The prominent blocks, which were formerly the Northbourne Flats, are a combined 39,000 square metres and were put to the market on Tuesday as part of the ACT government's sale of land in the corridor to pay for its light rail project and encourage higher-density city living near the city.
The Northbourne precinct, including blocks closer to Dickson, is expected to yield 3500 apartments. Tender documents describe Northbourne Avenue as the most significant approach route to the city and one of the most important streets in Canberra. They envisage new "urban villages" centered on light rail stops in the corridor.
Block 1 Section 68 and Block 4 Section 60 are opposite each other and zoned CZ5 mixed use for high-density development, with design guidelines that envisage buildings up to 25 metres high.
They border Haig Park in the south. The Turner block, bordered by Forbes, Greenway and Condamine streets is the larger of the two at 23,372 square metres. The Braddon block, between Haig Park and the Canberra Rex hotel, backing on to Henty Street, is 15,607 square metres.
City Renewal Authority chief executive Malcolm Snow said releasing the two sites together by tender allowed for "design quality" to play an important role in the sales.
"Using a tender process allows us to judge proposals based on design and build quality as well as price. This method also makes it easier for national and multinational companies to prepare bids, ensuring we give ourselves every opportunity to receive the best proposals," Mr Snow said.
Mr Snow said the new government architect, Catherine Townsend, would ensure "a high quality of design".
Tender documents say the winning bidder must be briefed by the City Renewal Authority within 60 days of the project delivery deed, then present concept designs within six months of the deed. The winner must also take part in at least three independent design reviews conducted and chaired by the ACT government architect as part of the National Capital Design review panel. And a draft development plan must be submitted to the City Renewal Authority for discussion.
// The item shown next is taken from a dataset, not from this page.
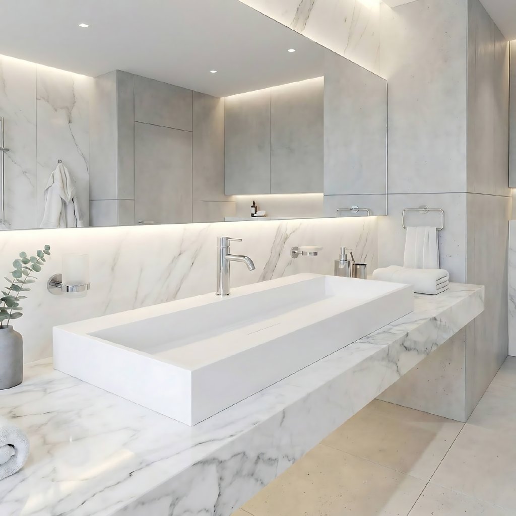 Conglomeratul alb arată elegant, modern și mărește vizual spațiul.

The requirements are in marked contrast to the sales of the two blocks further north, Lyneham on Northbourne and Dickson on Northbourne.
Developer Johnny Roso's Art Group paid $37 million in August 2016 for the first of the Northbourne mega-blocks, Dickson on Northbourne. He proposed a design competition but in April this year, Art Group submitted an application to build 409 apartments, in the first stage of a $92 million development.
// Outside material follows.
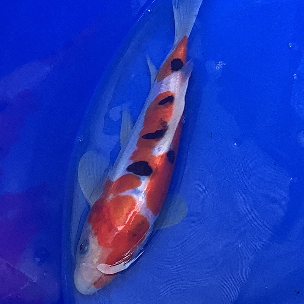 The Shinoda Doitsu Sanke features a smooth, scaleless white body with vivid red and black markings. Its clear pattern and strong form make it a standout koi for any pond.

In March last year, JW Land, also known as SHL, bought the 25,000 square-metre Lyneham on Northbourne site for $45 million. The site has the capacity for more than 500 apartments, plus commercial space.
Tender documents say design for the two new sites being released must create "a symbolic stitching of the sites across Northbourne Avenue" and "provide a series of tall tower forms that are subtly angled away from being simply perpendicular to Northbourne Avenue".
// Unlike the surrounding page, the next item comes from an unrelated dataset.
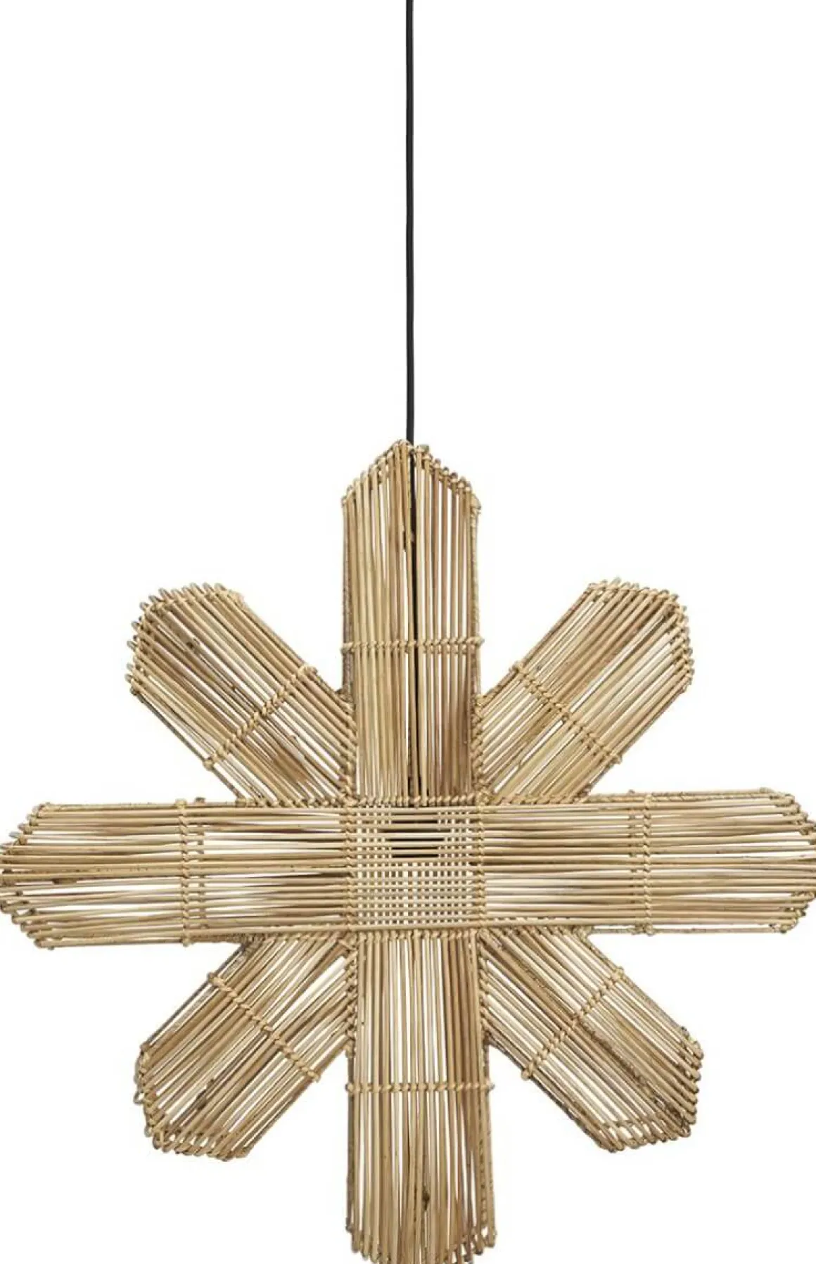 Vacker handgjord stjärna i rotting från PR-Home 69 cm i diamter, stjärnan kommer med en 3,5 meter lång svart textilsladd med väggkontakt. Vissa nyansskillnader kan förekomma i naturmaterialet.

The buildings must meet or exceed a minimum seven-star energy rating with at least 70 per cent natural light penetration and air circulation into living areas.
The Braddon site has 109 trees, 74 of which are regulated and five considered dying or damaged, tender documents say. The Turner block has 97 trees, of which 73 are regulated.
Mr Snow said the proposals for the two sites would include a masterplan that considered the previous Weave Design, chosen in a design competition in 2011, as well as existing site constraints, the interface with Haig Park, the city and Gateway Draft Urban Design Framework, light rail and other site opportunities.
He said proposals also needed to demonstrate "how they will adopt a people-focused approach" to the redevelopment and include a place proposition plan and community consultation plan.
"Canberra, and in particular the Northbourne corridor, has undergone significant changes since the Weave design was first conceived but we still want new proposals to reflect its principals and ambitions for a coordinated precinct," Mr Snow said.
Tenders close October 4.
The sales will leave only Macarthur House as the final Northbourne building to be sold under the government's asset recycling initiative. Macarthur House is due for release later this year.
The government will also sell a section on London Circuit near Commonwealth Avenue, adjacent to a block bought this year by the Morris Property Group. Barry Morris has plans for up to 1200 apartments on section 63, now known as section 100, and will extend Edinburgh Avenue to Vernon Circle, allowing the government to sell the neighbouring block.